Materials and methods
Extraction and preprocessing of scRNA data
The read count expression profile data of 16 cancer tissues and 7 adjacent tissues were extracted from the single-cell sequencing dataset GSE200997 from the NCBI database Gene Expression Omnibus (GEO). First, the single-cell data were filtered by ensuring that each gene was expressed in at least three cells, and at least 250 genes were expressed per cell. The PercentageFeatureSet function was used to determine the proportion of mitochondria and rRNA and ensure that <3000 genes are expressed per cell and the Unique molecular identifier (UMI) of each cell is at least >100.The data were standardised through log-normalisation, and highly variable genes were identified using the FindVariableFeatures function (variance-stabilising transformation was used to identify variable characteristics). Subsequently, the ScaleData function was used to scale all genes, and Principal components analysis (PCA) was used for dimensionality reduction to identify anchor points (dim = 40). The FindNeighbors and FindClusters functions (resolution = 0.2) were used to cluster the cells, and the RunTSNE function was used to reduce t-SNE dimensionality to screen for fibroblasts.
Extraction and preprocessing of the cancer genome atlas data
The clinical phenotype data of CRC were downloaded from TCGA database, and samples lacking data on survival time and survival status were removed. Samples were further filtered to ensure that the survival time in each sample was >0 days. In addition, the gene expression profile data were downloaded from TCGA database, and 431 tumour samples and 41 para-cancerous samples were selected for further analysis.The copy number variation (CNV) of CRC samples were downloaded from TCGA database and integrated using the GISTIC2 software.The single nucleotide variants (SNVs) data of TCGA-COAD cohort were downloaded from TCGA database and integrated using the Mutect2 software.

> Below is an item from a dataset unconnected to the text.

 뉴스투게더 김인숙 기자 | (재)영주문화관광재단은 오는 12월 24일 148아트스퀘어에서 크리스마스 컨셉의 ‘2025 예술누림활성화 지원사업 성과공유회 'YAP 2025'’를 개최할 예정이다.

Extraction and preprocessing of GEO data
The GSE17536 and GSE17537 datasets were downloaded from GEO, and the probe IDs were converted to gene symbols according to the annotation files. A probe ID that corresponded to multiple genes was deleted, and the expression of several probes for a gene was averaged. Normal tissue samples were removed, and only tumour samples were retained. In addition, samples without clinical follow-up and OS data were removed to ensure that the survival time of all patients was >0 days. A total of 177 tumour samples and 21,655 genes were obtained from the GSE17536 dataset, and 55 tumour samples and 21,655 genes were obtained from the GSE17537 dataset.

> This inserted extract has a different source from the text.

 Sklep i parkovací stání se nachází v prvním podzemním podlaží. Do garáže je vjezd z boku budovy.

Single-cell clustering dimensionality reduction
The R language Seurat package was first used to filter the single-cell data by setting each gene to be expressed in at least 3 cells, and each cell expresses at least 250 genes, calculating the proportion of mitochondria and rRNA through the PercentageFeatureSet function, and ensuring that each cell The expressed genes are less than 3000, and the UMI of each cell is at least greater than 100. Then, we normalized the data of 23 samples separately by log-normalization.The FindVariableFeatures function was used to find highly variable genes [identify variable features based on variance stabilizing transformation (“vst”)], then scaled all genes using the ScaleData function, and perform PCA dimensionality reduction to find anchors, we chose dim=40, pass The FindNeighbors and FindClusters functions cluster the cells (set Resolution=0.2), divided the subgroups, and used the RunTSNE function for TSNE dimensionality reduction,
Annotation and further segmentation of fibroblasts
The fibroblasts were screened with the four genes of ACTA2, FAP, PDGFRB and NOTCH3, and then the fibroblasts were extracted and clustered by the functions of FindNeighbors and FindClusters (setting Resolution=0.2), and the fibroblasts were further divided into 4 groups subpopulations and re-TSNE dimensionality reduction of fibroblasts using the RunTSNE function.
Identification of marker genes
The FindAllMarkers function of the Seurat package was used to identify marker genes of fibroblasts by LogFC=0.5, Minpct=0.35 (minimum expression ratio of differential genes) and identified marker genes with a corrected p<0.05.
Functional annotation of subgroups
KEGG enrichment analysis was performed on marker genes of fibroblast subpopulations using the compareCluster function of the clusterProfiler package in R language, and screening was performed with pvalue Cutoff=0.05.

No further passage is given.